In 2015, Researchers at Google made a troubling discovery: The data theft technique known as “Rowhammer,” previously thought of as a theoretical concern, could be exploited in real-world conditions. Now a different group of Google computer scientists have shown that the problem has only gotten worse, thanks in part to improvements in how chips are designed.
Rowhammer is a physical hacking technique that manipulates the electric charge in computer memory chips (known as DRAM) to corrupt or exfiltrate data. In an attack, hackers run the same program repeatedly on a "row" of DRAM transistors to "hammer" that row until it leaks electricity into the adjacent row. When done in a targeted way, that leakage can physically flip a bit in the next row of transistors from 1 to 0 or vice versa. By strategically flipping enough bits, an attacker can begin to manipulate the target system and gain a digital foothold.
In the years since the original 2014 Rowhammer research, chipmakers have added mitigations that monitor adjacent rows for potentially suspicious behavior. But as chips continue to get smaller, the ripple effect that comes from hammering a given row could potentially flip bits two or more rows away. Think of Gallagher smashing a watermelon. You can protect the front of the audience by giving them all plastic ponchos. But if he swings hard enough, and the crowd is packed in tight enough, the rind and pulp could make contact with faces two or three rows deep.
The researchers dubbed their attack “Half-Double,” and note that the technique wasn't practical on older generations of DRAM where transistor rows were slightly farther apart. As whatever's left of Moore's Law packs transistors ever more densely together, though, the risk of spillover in Rowhammer attacks is increasing.
“This is the result of miniaturization,” the Google researchers told WIRED in a written response to questions. “In our experiments with older DDR4 chips, this technique was not successful. We are releasing this research today in order to advance the understanding of this threat. We are hopeful that it will further discussions on mitigations that are long lasting and effective.”
Google disclosed its findings to the semiconductor engineering trade organization JEDEC, which has issued two stop-gap mitigations. And the researchers have been coordinating with other industry partners as well to raise awareness about the issue. But it will take time for chipmakers to fully understand the implications.
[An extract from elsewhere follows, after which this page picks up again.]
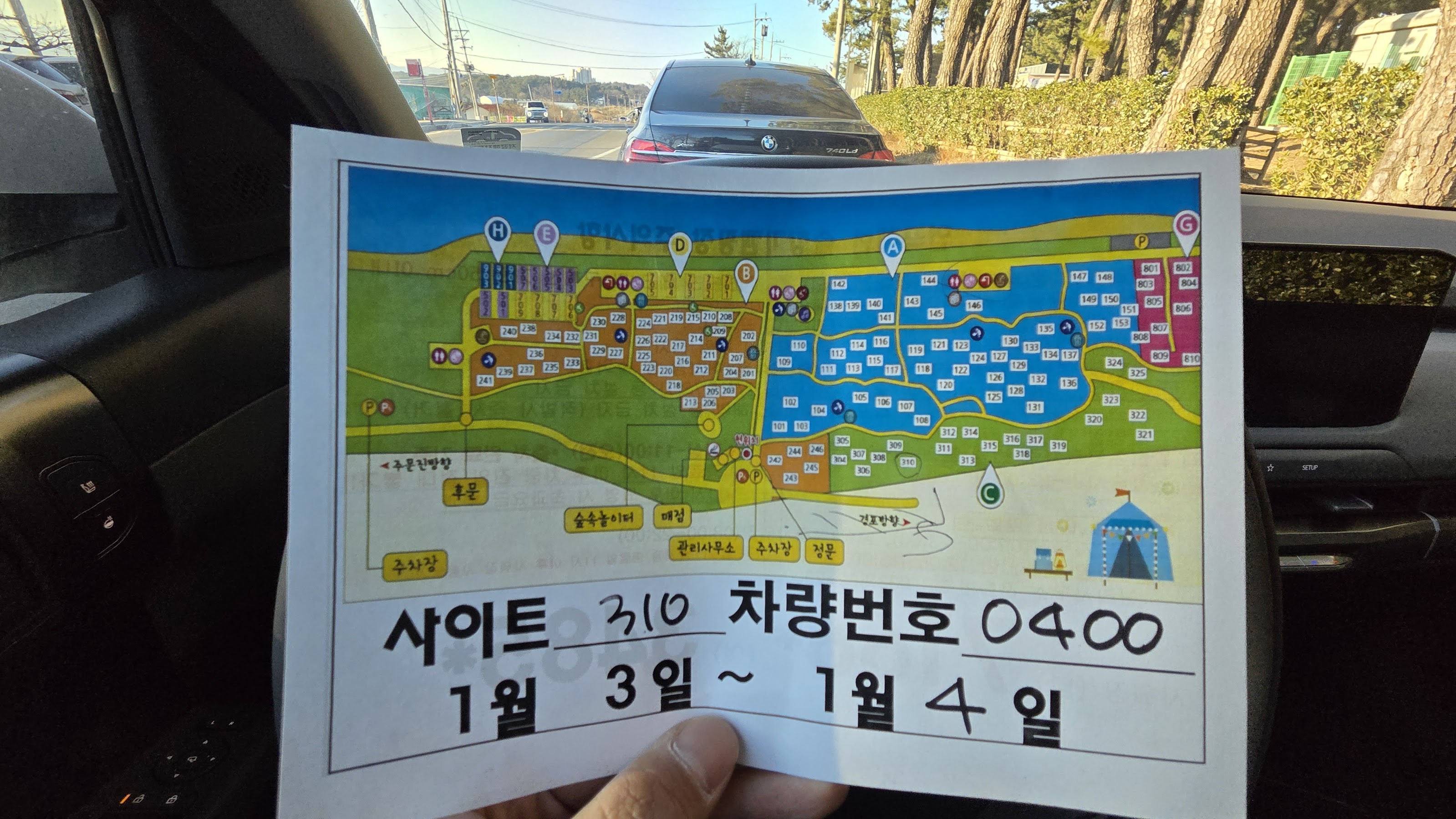C사이트는 아에 외부 갓길에 주차하는게 편하다고 해서 외부 갓길에 주차를 했다.

“Imagine your house is huge,” says Daniel Moghimi, a postdoctoral scholar at the University of California, San Diego who has studied Rowhammer and microarchitectural attacks. “If your adjacent neighbor who also has a huge house plays loud music, you can probably hear it from your house, but maybe not from three doors down. But when you live in an apartment complex where units are packed much closer to each other, the music will bother neighbors in a lot of apartments. It's the same idea with the density of DRAM cells and their closeness to each other."
A full fix will also require rethinking how chips get designed, and would apply to future generations of DRAM. To go back Mighimi's metaphor, it's easier to build a new apartment with thicker walls and more insulation than it is to retrofit an existing building.
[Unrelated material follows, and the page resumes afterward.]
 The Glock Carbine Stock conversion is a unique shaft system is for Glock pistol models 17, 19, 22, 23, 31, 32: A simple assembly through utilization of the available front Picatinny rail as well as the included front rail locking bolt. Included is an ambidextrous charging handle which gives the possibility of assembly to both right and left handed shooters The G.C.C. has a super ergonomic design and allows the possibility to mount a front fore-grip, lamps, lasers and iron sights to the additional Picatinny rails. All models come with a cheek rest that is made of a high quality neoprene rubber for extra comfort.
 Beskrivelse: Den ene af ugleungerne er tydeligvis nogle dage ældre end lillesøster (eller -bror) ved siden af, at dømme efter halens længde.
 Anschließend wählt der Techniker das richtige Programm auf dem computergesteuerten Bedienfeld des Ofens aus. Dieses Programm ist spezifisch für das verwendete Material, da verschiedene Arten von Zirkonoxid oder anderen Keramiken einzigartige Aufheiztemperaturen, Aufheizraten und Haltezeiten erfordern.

Moghimi says that researchers already understood this potential risk in theory, but that the Google findings, once again, demonstrate a plausible, real-world attack. “It shows that it's more practical than a lot of people think,” he says.
This isn't the first time Rowhammer attacks have seemed to be resolved and then roared back. Researchers at Vrije Universiteit Amsterdam have repeatedly shown in the last 18 months that current chip defenses against more traditional Rowhammer attacks can be defeated. But the Google findings carry an additional warning that advances in the size and efficiency of memory chips potentially come with new risks from Rowhammer.
These hacking techniques would require skill and even some luck to pull off in an actual targeted attack. Given that potential Rowhammer exposure exists in basically every computing device out there, though, its progress is worth taking seriously.